Excerpts from a dataset:
◆ ◆ ◆ ◆ ◆ ◆ ◆

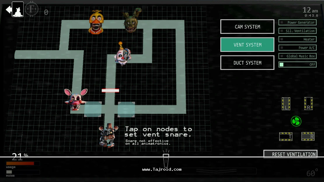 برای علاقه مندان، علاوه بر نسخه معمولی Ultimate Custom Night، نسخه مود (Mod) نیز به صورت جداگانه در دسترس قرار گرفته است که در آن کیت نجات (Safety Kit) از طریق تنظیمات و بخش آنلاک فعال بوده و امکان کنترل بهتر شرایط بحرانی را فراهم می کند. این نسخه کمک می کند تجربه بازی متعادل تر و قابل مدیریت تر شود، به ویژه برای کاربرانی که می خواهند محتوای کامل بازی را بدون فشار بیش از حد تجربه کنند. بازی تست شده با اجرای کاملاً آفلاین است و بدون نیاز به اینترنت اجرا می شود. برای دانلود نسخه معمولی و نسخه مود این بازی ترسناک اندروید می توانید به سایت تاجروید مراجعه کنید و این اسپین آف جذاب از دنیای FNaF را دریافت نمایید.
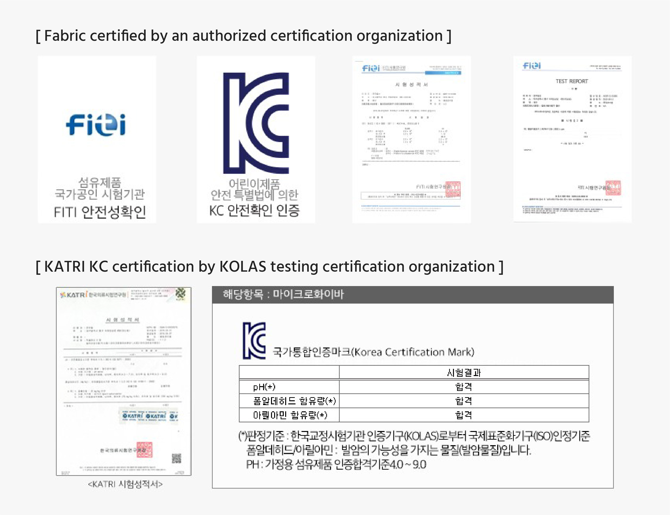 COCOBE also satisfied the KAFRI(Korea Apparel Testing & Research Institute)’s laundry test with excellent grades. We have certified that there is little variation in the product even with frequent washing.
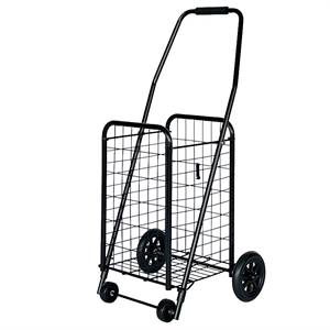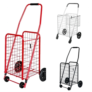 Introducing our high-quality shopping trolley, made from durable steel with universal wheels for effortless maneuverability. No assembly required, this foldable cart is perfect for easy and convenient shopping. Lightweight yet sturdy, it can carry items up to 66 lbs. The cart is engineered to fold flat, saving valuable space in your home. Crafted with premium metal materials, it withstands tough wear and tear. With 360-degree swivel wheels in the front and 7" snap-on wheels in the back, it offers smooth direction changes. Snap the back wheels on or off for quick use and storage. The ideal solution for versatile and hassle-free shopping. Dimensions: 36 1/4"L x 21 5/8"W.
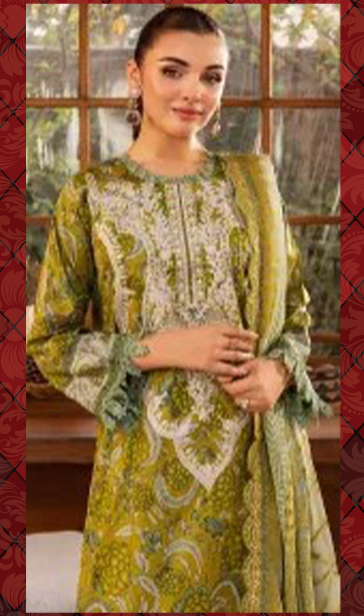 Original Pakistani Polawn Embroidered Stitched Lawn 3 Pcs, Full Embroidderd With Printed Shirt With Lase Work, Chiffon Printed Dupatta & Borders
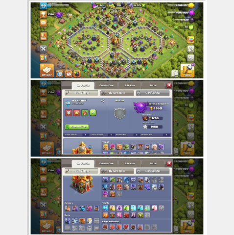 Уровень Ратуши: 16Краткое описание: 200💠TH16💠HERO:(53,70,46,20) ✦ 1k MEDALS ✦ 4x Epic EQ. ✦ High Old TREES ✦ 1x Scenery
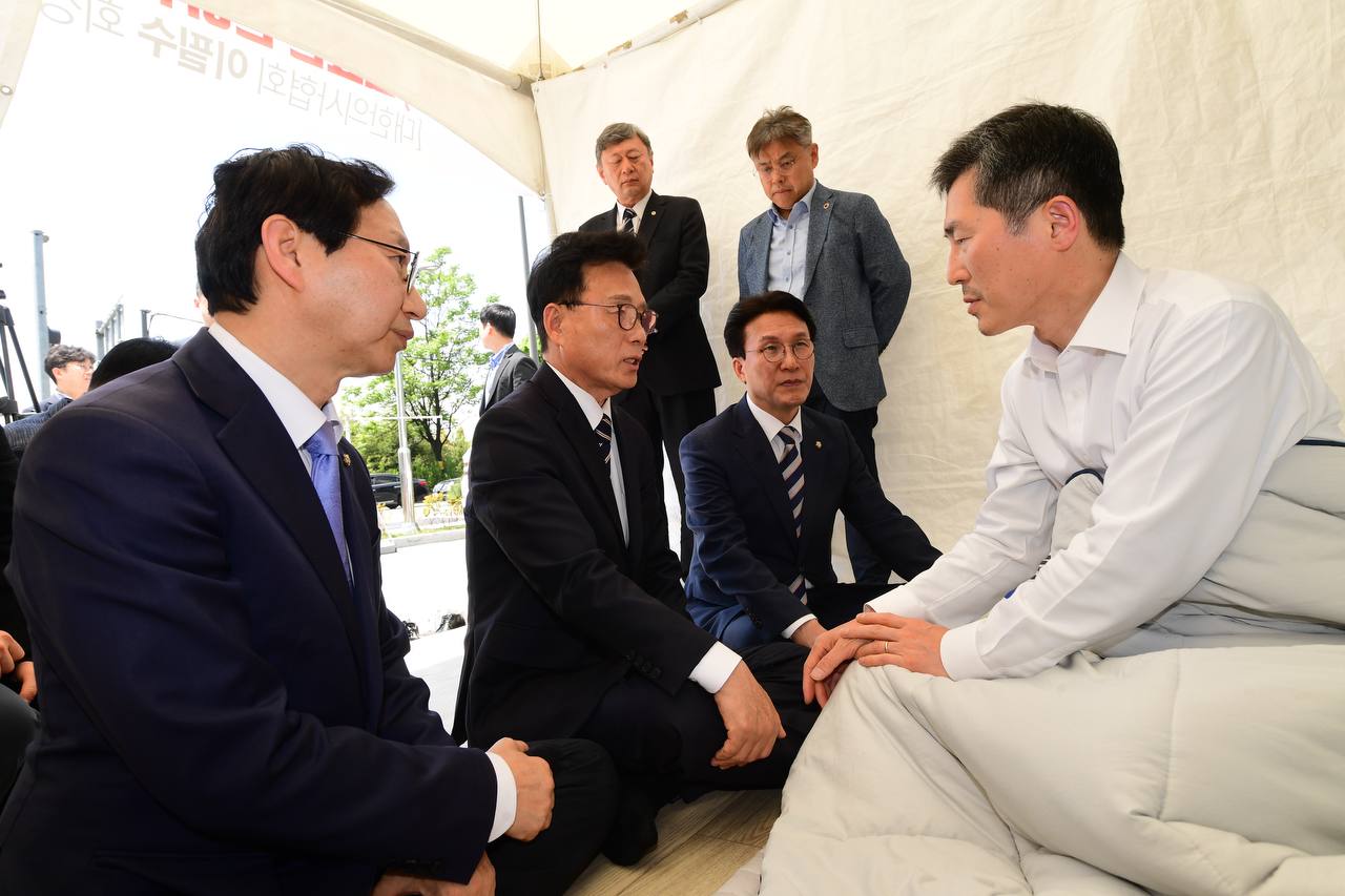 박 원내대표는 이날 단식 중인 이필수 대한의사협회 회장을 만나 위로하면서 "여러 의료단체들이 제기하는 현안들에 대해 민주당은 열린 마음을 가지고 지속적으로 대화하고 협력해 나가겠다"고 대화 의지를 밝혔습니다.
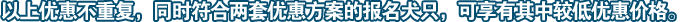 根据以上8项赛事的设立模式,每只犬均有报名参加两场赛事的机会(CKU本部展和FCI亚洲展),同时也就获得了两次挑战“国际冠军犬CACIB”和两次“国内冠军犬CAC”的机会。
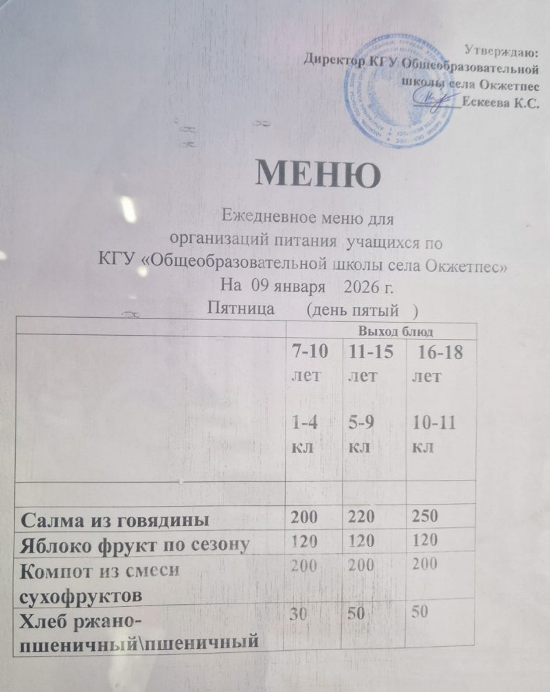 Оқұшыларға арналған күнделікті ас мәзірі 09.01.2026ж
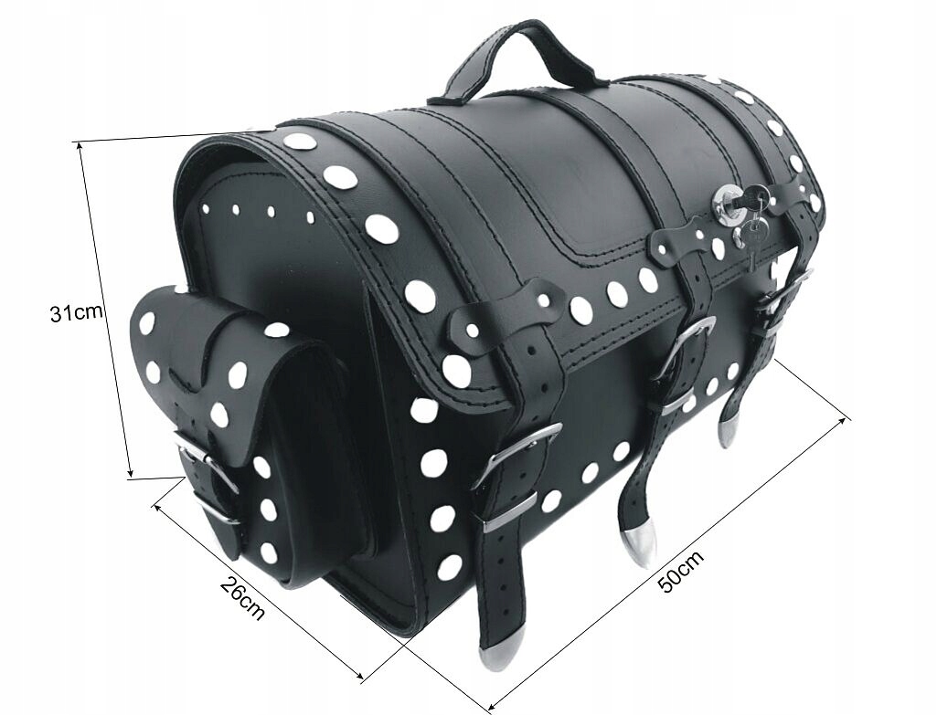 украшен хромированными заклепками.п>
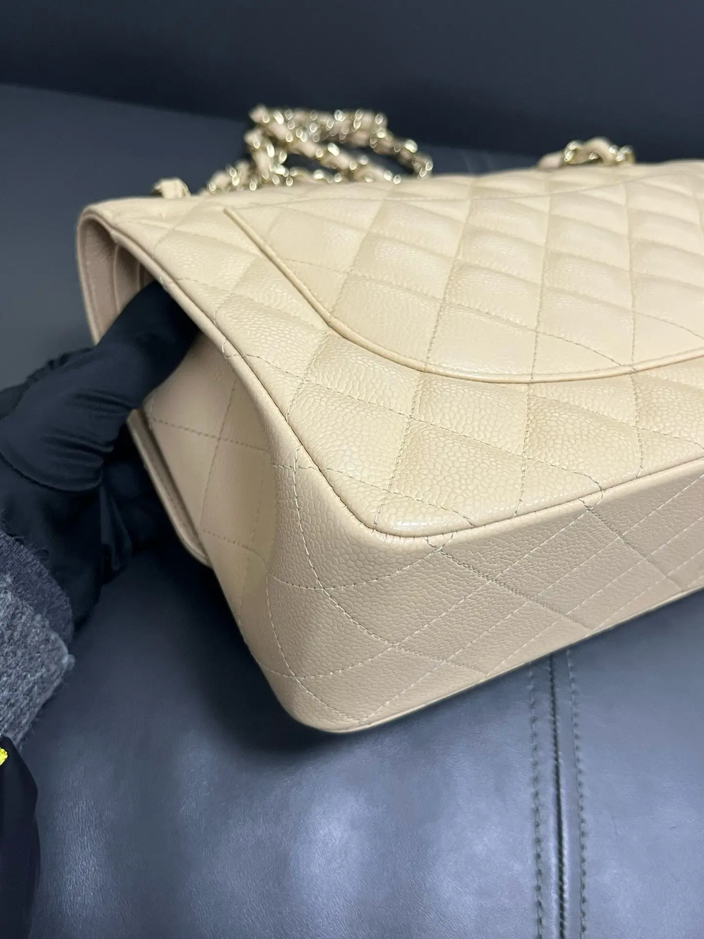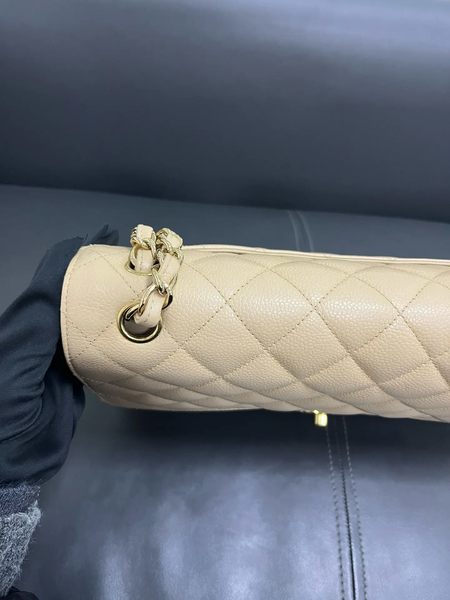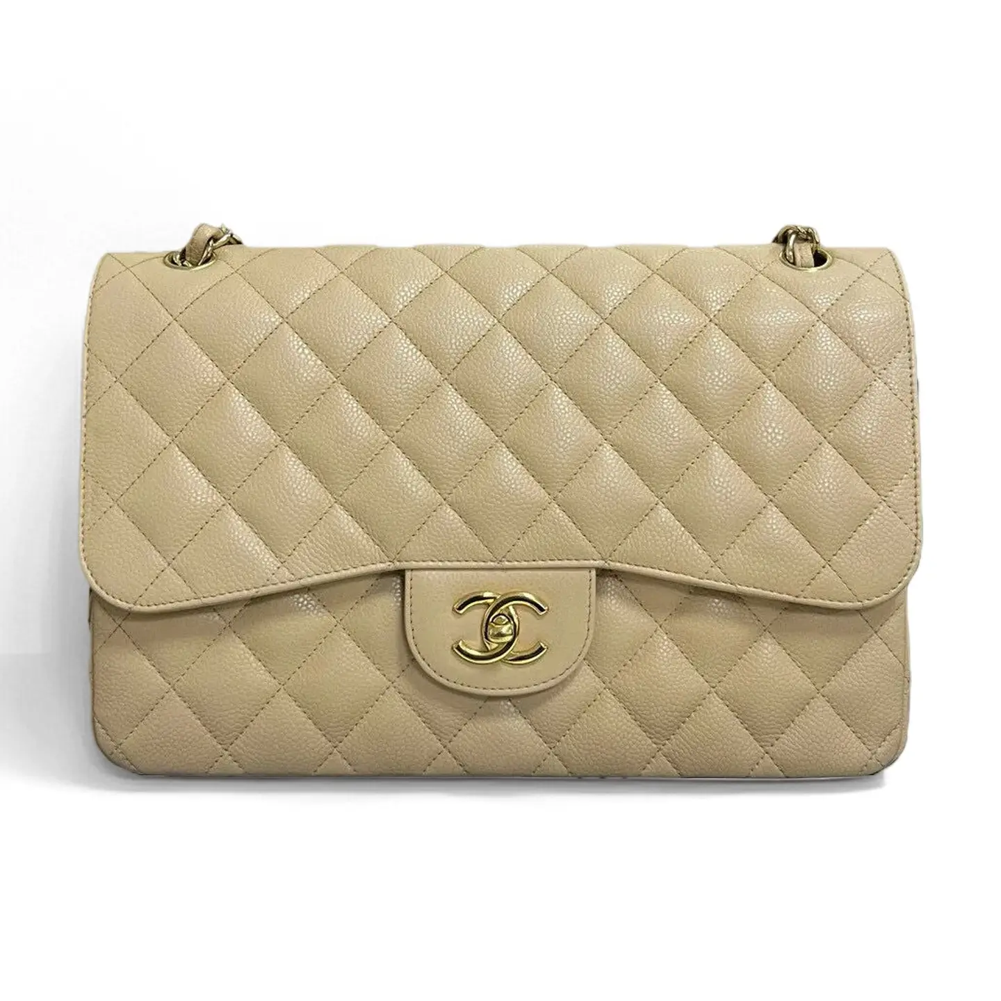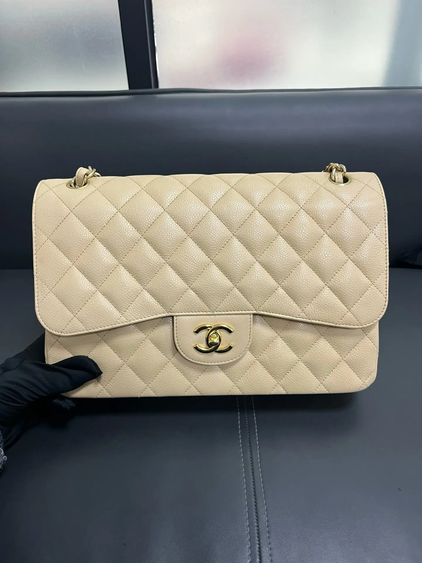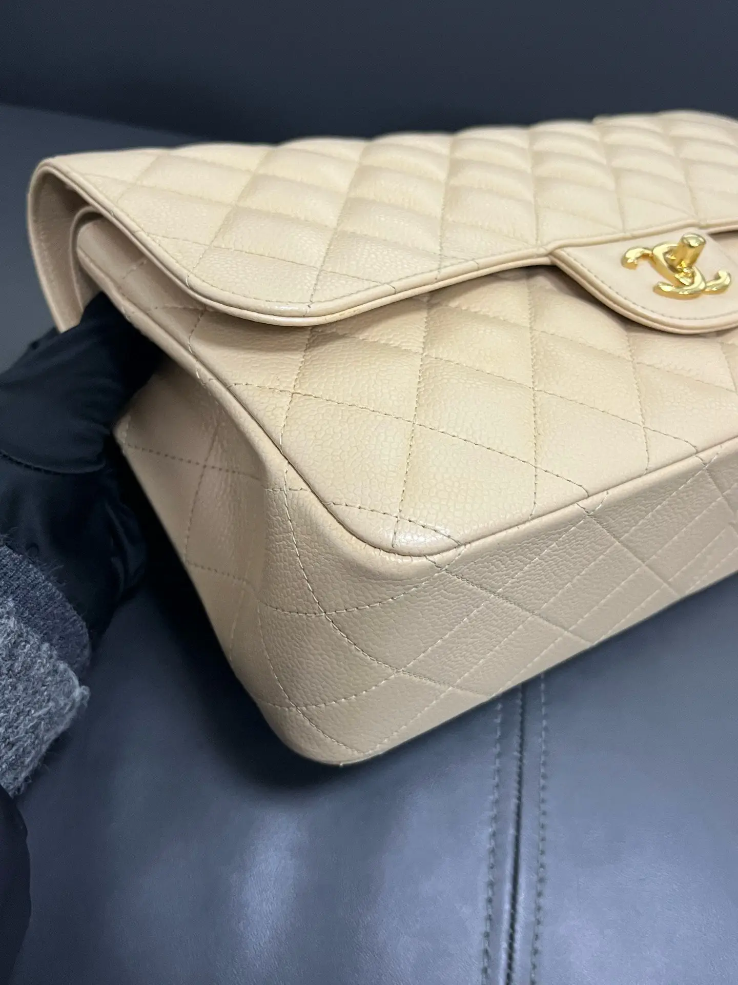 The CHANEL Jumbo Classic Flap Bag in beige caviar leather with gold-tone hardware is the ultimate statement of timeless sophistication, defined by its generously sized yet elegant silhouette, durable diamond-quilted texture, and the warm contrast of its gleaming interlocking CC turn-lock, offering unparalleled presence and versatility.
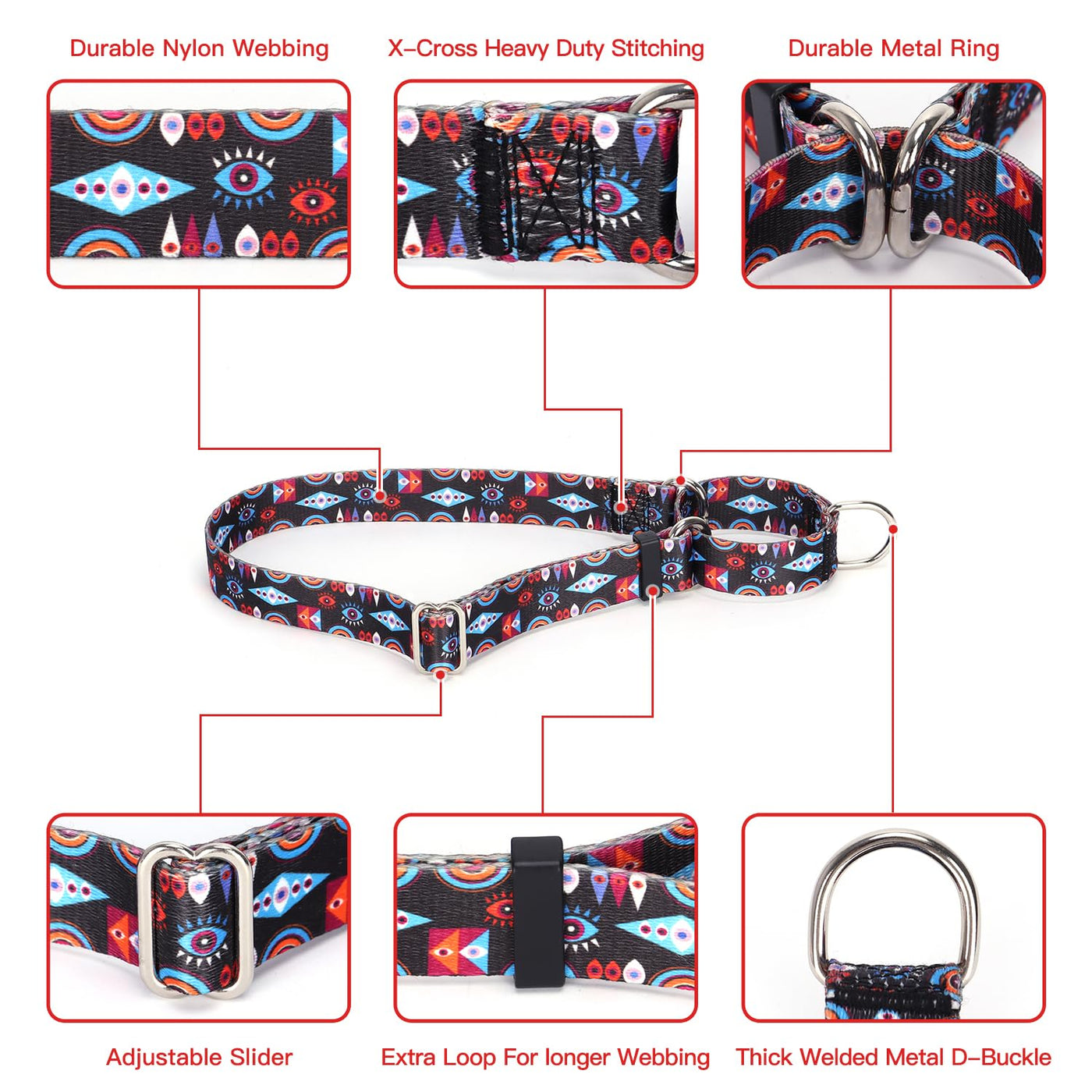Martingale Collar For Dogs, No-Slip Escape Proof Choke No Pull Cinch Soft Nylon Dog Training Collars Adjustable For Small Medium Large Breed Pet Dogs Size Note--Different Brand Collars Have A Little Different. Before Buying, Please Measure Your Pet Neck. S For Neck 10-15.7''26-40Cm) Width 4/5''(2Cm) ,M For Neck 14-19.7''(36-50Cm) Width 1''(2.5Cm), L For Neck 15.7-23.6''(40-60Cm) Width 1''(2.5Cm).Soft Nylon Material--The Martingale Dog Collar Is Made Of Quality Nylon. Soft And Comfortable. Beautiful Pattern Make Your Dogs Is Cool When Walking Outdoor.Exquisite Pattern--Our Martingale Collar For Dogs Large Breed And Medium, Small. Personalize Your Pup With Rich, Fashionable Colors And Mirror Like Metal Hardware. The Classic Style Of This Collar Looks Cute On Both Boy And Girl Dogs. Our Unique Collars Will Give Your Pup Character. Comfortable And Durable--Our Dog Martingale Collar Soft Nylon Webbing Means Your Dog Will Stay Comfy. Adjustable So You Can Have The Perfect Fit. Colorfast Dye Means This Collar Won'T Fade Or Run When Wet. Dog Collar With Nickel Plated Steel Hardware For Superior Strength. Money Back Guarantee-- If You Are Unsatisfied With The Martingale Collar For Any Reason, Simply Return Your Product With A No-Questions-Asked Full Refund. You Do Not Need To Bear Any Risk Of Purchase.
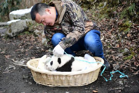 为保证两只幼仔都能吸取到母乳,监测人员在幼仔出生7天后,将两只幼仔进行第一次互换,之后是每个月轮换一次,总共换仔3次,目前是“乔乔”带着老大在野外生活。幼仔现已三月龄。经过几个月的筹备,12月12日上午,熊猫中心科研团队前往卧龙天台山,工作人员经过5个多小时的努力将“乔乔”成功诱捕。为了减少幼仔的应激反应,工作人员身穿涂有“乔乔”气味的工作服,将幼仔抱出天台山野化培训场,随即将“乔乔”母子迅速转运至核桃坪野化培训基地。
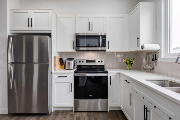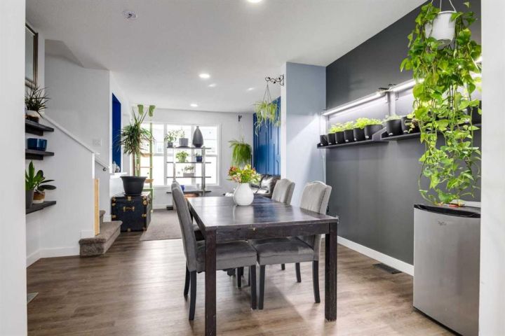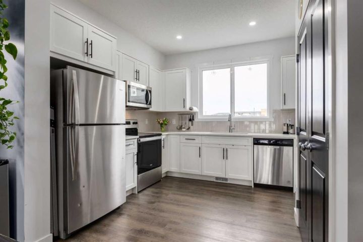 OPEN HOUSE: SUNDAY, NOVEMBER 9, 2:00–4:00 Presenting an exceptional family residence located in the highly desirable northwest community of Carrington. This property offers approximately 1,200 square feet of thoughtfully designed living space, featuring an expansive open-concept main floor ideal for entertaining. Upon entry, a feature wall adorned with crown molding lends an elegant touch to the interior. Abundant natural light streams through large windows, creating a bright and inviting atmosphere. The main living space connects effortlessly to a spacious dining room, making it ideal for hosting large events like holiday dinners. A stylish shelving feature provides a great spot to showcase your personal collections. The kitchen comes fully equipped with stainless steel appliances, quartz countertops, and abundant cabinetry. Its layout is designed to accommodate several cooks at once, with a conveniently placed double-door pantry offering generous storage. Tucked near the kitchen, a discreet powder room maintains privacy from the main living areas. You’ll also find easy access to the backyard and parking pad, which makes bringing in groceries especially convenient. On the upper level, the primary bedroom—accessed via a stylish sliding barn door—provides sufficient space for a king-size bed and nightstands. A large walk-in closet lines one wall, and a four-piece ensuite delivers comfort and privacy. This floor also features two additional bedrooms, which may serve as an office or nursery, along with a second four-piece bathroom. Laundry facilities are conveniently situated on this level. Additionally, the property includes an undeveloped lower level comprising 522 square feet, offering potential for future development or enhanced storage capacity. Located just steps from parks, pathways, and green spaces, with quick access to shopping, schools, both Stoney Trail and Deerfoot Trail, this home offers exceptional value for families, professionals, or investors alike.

◆ ◆ ◆ ◆ ◆ ◆ ◆

- _Your task_: Restate the lines above from the one containing "Оқұшыларға арналған күнделікті" through the one containing "украшен хромированными заклепками.п>", inclusive, exactly and without pictures.

- _The answer_:
 Оқұшыларға арналған күнделікті ас мәзірі 09.01.2026ж
 украшен хромированными заклепками.п>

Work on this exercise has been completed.